Plumbing – Showers in house run cold after 30/45 seconds – Sinks scalding hot

hot-waterplumbingshower

Have a two story house with kitchen, main bath, guest toilet and laundry room on first floor, and two bedrooms upstairs with one full bath each. The water heater is a 55 gal gas operated, located in the crawl space. There is an expansion/pressurized tank on the hot water line of the house as well.

Yesterday, out of the blue and without any warning, the shower in the main bath went from hot to lukewarm then cold after about 30/45 seconds of running. The sink in the same bath would put out scalding hot water, as did the kitchen sink and any other outlet in the 1st floor. Turning the mixer valve control to max hot puts out warmer water, just enough for one to shower.

Checked upstairs and one of the bathroom showers displays the same symptom, while the other one works fine. Again, all faucets in the 2nd floor put out hot water as expected.

I checked the anti-scald on both shower mix valves and these don't seem to have them (Price-Pfisters – MFD 2007), but after that I'm out of options. Today both showers continue to do the same, while the third one upstairs (the one least used) works fine.

Where should I start looking? Is it possible that both mixer valves would have gone bad at the same time? What else could be causing this?

Best Answer

Wait, there's an expansion tank in the HOT water side? That's wrong, it's supposed to be on the cold-water side of the hot water heater. Expansion tanks do not have heaters in them, so the water in them is cold! Try this theory on for size: You turn on max-hot, until the water runs nice and hot. The lengthy hot-water pipe from downstairs is now full of hot water.
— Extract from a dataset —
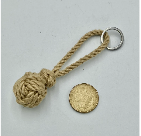 พวงกุญแจกำปั้นลิงสีเบจทำด้วยมือเชือกลิงกำปั้นนอตและสแตนเลส

Then you set it for mixed-warm, which flows a lot more water overall, and reduces system pressure. What does the expansion tank do? Equalize to that new pressure - the air in the tank expands, by pushing cold water out of the expansion tank into the "hot" line. It gets upstairs 30 seconds later.
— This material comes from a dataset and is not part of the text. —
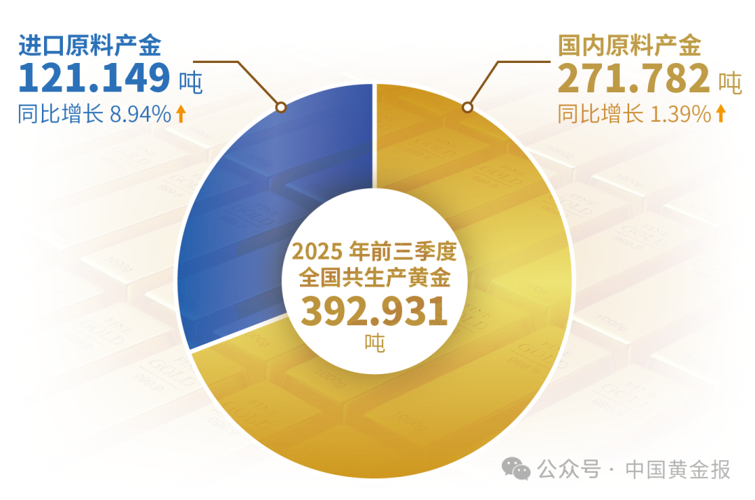 黃金生產(chǎn) 據(jù)中國黃金協(xié)會最新統(tǒng)計(jì)數(shù)據(jù)顯示:2025年前三季度,國內(nèi)原料產(chǎn)金271.782噸,比2024年同期增加3.714噸,同比增長1.39%。另有進(jìn)口原料產(chǎn)金121.149噸,同比增長8.94%。國內(nèi)原料和進(jìn)口原料共計(jì)生產(chǎn)黃金392.931噸,同比增長3.6%。

How do you test this? First, when it gets cold, touch nothing - just let it keep flowing for 120 more seconds. See if it goes back to normal if you wait long enough. If so, I'd blame the expansion tank being on the wrong side.
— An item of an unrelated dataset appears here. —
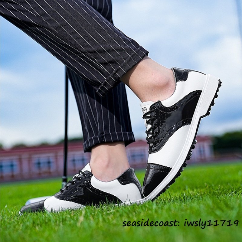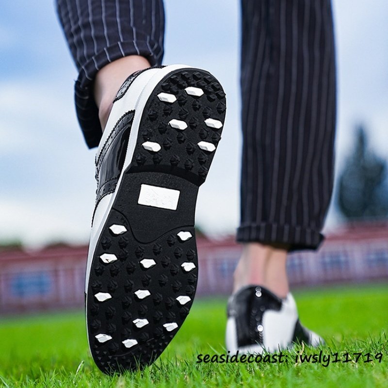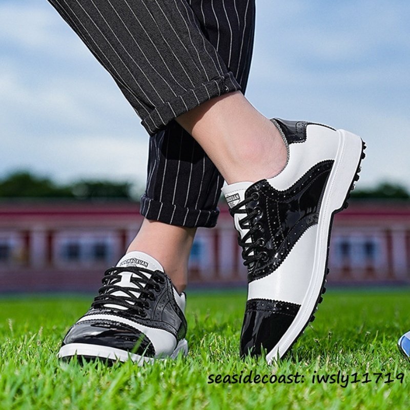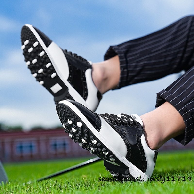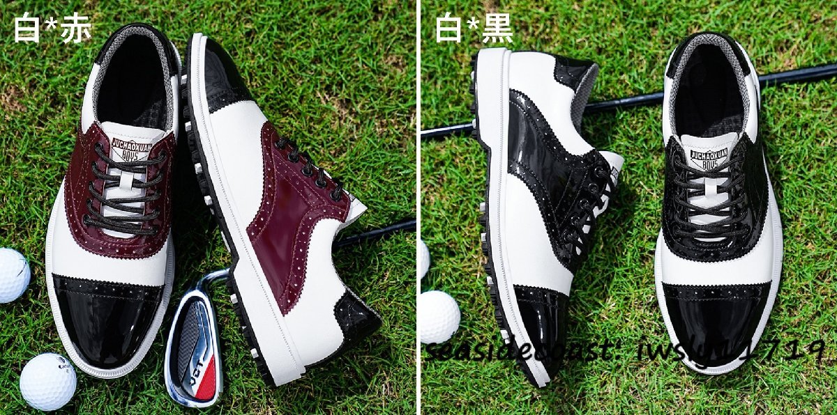 新品◆ゴルフシューズ スポーツシューズ メンズ 高級品 ソフトスパイク イギリス風 フィット感 防水 防滑 スニーカー 紳士靴 白*黒 26.5cm

Or check the tank's temperature - room temperature - then trigger the problem - and shut off everything and run back down and check the tank's temperature again. If it's warmer, it just ingested some hot water - which means it recently pushed out some cold water.

Otherwise, I'd do some other experiments. Shut off the cold supply to the shower. Now if it does the hot-cold bounce, it can't be the mixing valve! Turn the tub to hot max. Let it get hot and watch for that bounce. None? Throw open the sink faucet to COLD and flush the toilet, to simulate the extra flow of setting the shower to "warm". Watch for the bounce again. If it still happens, that means the (good) valve isn't getting good hot water.

What would make it suddenly break? Probably something minor upstream that wouldn't affect healthy plumbing. Maybe loose cruft in your piping (probably upstream of the hot water heater). Maybe in street piping. Maybe the water company changed supply pressure.